Digital rights groups are sounding the alarm about a new law in Mexico that would require all cell phone users to register their personal information and biometric data in a massive government database.
The legislation, signed into law by Mexican president Andrés Manuel López Obrador on April 16, adds Mexico to a list of 18 countries globally — including China, Saudi Arabia, Venezuela, and the United Arab Emirates — that mandate biometric data collection for people with mobile phones. Critics say the law puts users’ sensitive personal information at risk of being leaked to criminal groups in a country with a troubling history of deploying spyware to surveil human rights defenders, journalists, and activists.
“Almost no democratic country requires its citizens to provide biometric data to buy a SIM card,” said Luis Fernando García, the executive director of the Mexican digital rights group R3D. “It's not unreasonable to fear that the information provided to the database would end up being used by, if not by this administration, by future administrations that are not committed to human rights at all.”

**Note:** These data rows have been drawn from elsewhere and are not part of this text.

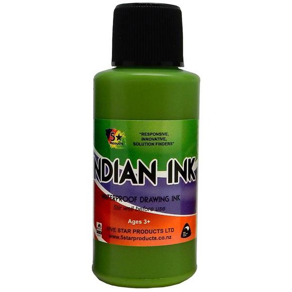 Choose this Five Star Indian Drawing Ink for great results. This professional drawing ink comes in a vibrant green colour that is waterproof once dry. It is great for drawing, painting, crayon resist work or for tonal and water colour effects when diluted. Suitable for use with a brush, calligraphic pen, airbrush, toothpick, reed pen, quill or cotton bud. Waterbased and non-toxic, this indian drawing ink is great for use by artists and in the classroom.
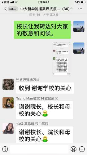 中山大学新华学院驰援湖北的护理校友在微信群里表示感谢
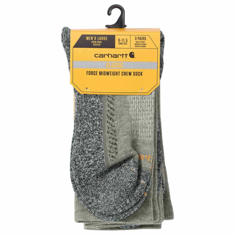 Comfy Carhartt Mens Crew 3 pack Socks. Everyday socks you can wear year round. These comfortable, mens crew socks are made of sweat-wicking yarn and have a reinforced heel and toe for durability. The reinforced arch and ankle adds support.

Under the law, anyone with a cell phone or seeking to buy a SIM card would have to register their personal information — such as their name, nationality, and address — as well as their biometric data to include in a sprawling government database that would be managed by the country’s telecommunications regulator. While the law does not specify what kind of biometric data would be collected, Fernando García said it could include fingerprints, iris scans, or images of a person’s face. The law also gives companies two years to collect the data and make it accessible to the government. Anyone who refuses to comply will lose access to their phone lines.